14. The intraoral scanning system according to claim 13, wherein the intraoral scanner includes a first light source configured to emit visible wavelengths and a second light source configured to emit a non-visible wavelength, and wherein the plurality of image scan data includes a first image scan data that includes the visible wavelength and at least a second image scan data that includes the non-visible wavelength, and wherein the processed image scan data includes a composition of the first image scan data and the at least second image scan data.

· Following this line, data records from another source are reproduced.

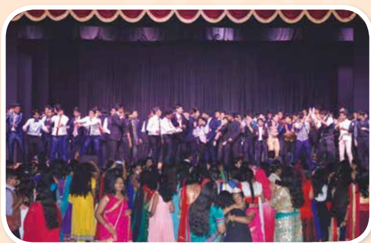
A memorable end to the event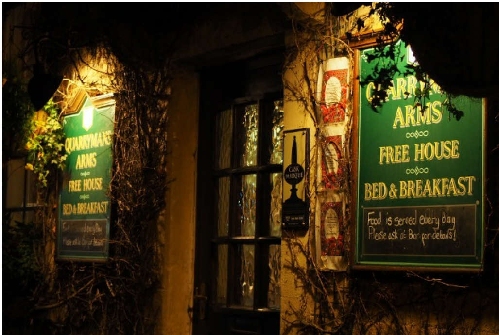
Around & About Bath offer bespoke small group tours of Bath and the local area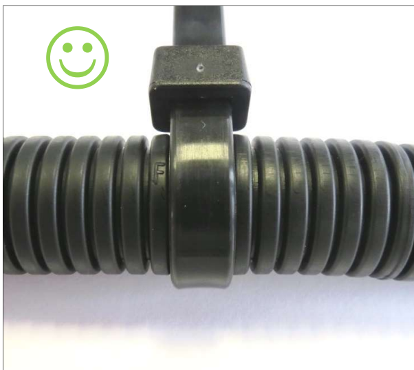
Fig. 4: Correct use of a plastic zip tie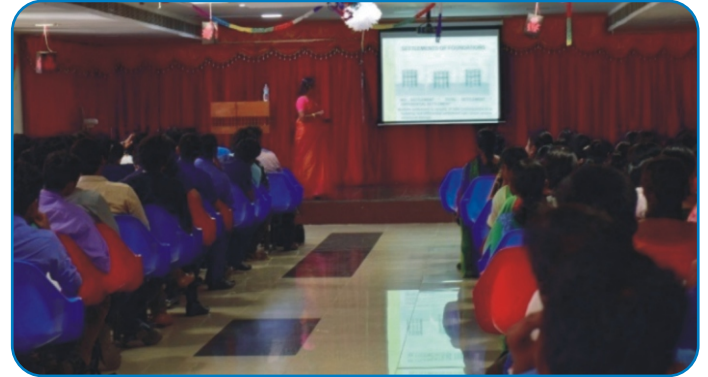
Guest Lecture on 'Foundation Failure'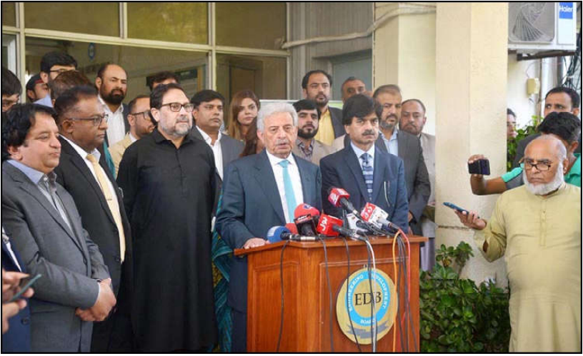
ISLAMABAD: Federal Minister for Industries and Production Rana Taveer Hussain is addressing an unveiling exhibition ceremony of models of electric bikes at Engineering Development Board.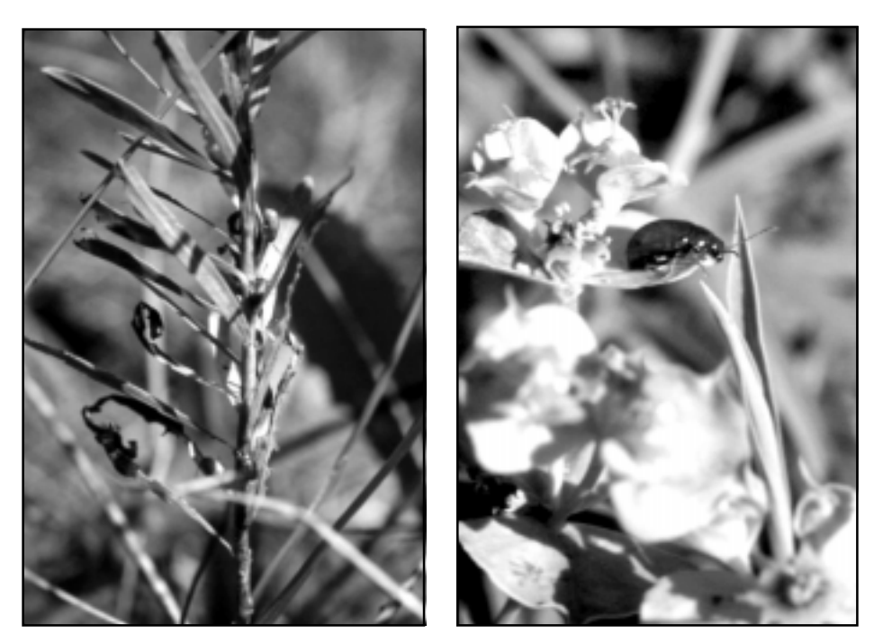
Aphthona flea beetles on leafy spurge. The beetles have been introduced as biological control agents of leafy spurge and have effectively reduced spurge populations on light well-drained soils.

produce a mature plant in one season.<sup>2</sup> Spurge seeds grow inside a capsule that bursts when the seed is ripe, dispersing seeds up to 15 feet.<sup>5</sup> The seeds can live for up to 7 years in the soil,<sup>5</sup> so that germination of new seedlings can occur long after visible plants are gone.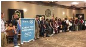
Interact Club Members

The annual Fall Feast went wonderfully for the Garden City Rotary Club .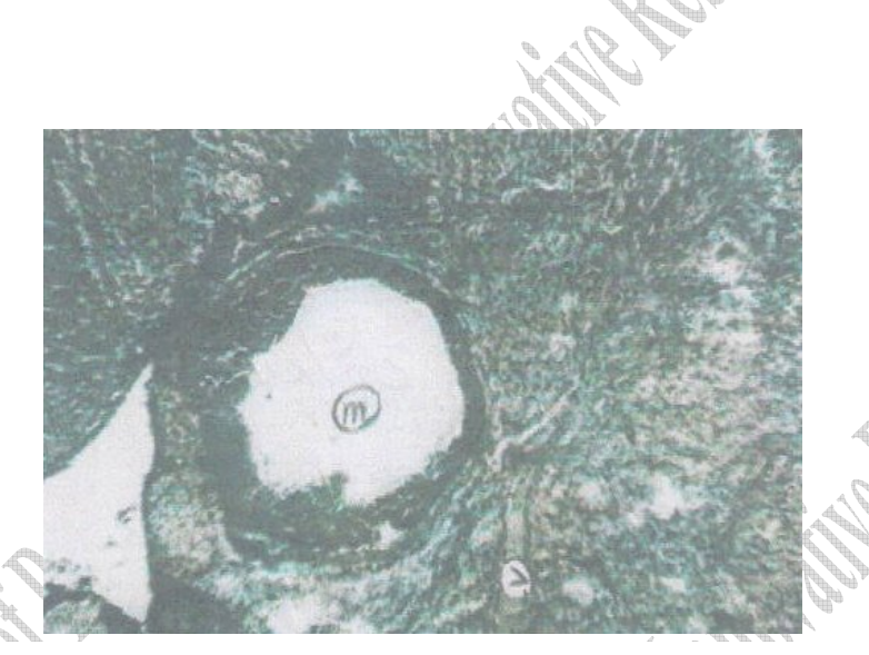
Plate 3. Transverse section of term planceta x4000. Showing part of vasculatyre (v) surrounding a central mucous area (m)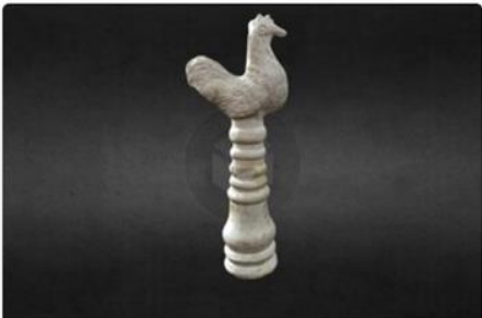
Cockerel signifying St Peter-Staff-head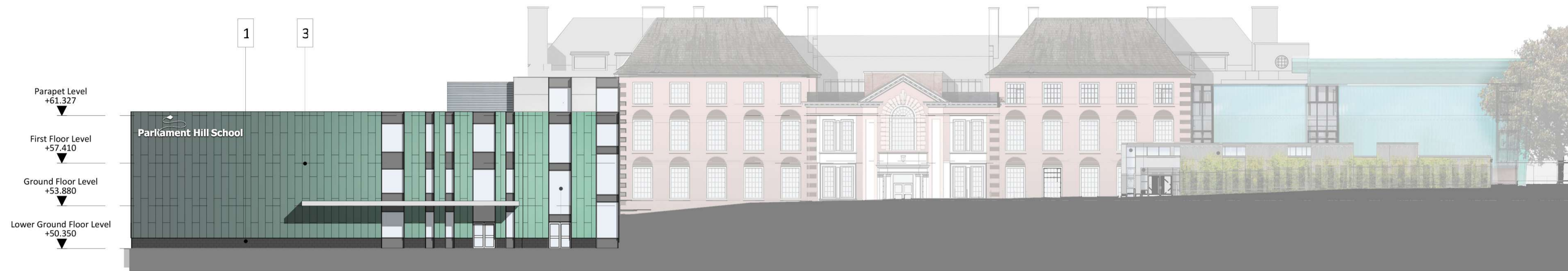
1. East - Highgate Road Elevation SCALE - 1 : 200@A1

B 21/05/18 RCG BFLA New external door added to South East elevation. Window size above amended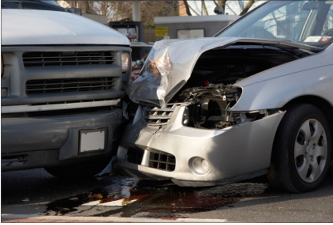
Even with near-perfect autonomous driving, there may be instances where a crash is unavoidable.

subject to certain geographic and/or environmental limitations (e.g., autonomous operation only on the state's interstates, for daytime driving free of snow and ice). While the proactive strategies pursued by these states is commendable, if many disparate versions of these crucial regulatory issues emerge (across distinct states), AV manufacturers will incur delays and increased production and testing costs.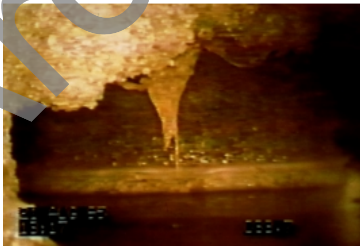
Photo No. 10 Ninety Degree Tee

In Photo No. 10, the video inspection camera is approaching the main line longitudinal edgedrain. It will be difficult for the camera to make this turn from the outlet pipe to the edgedrain. It will also be difficult for any cleaning equipment to make the turn. This is why FHWA recommends large radius pipe or a combination of bends to make the turn.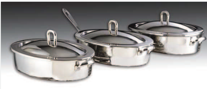
3.5 Qt. (3.3 Ltr) Oval Liftoff Grill Top Chafers

15. The intraoral scanning system according to claim 14, wherein the intraoral scanner includes a third light source configured to emit another non-visible wavelength, and wherein the plurality of image scan data includes a third image scan data that includes the another non-visible wavelength, and wherein the processed image scan data includes a composition of the first image scan data, the at least second image scan data and the third image scan data.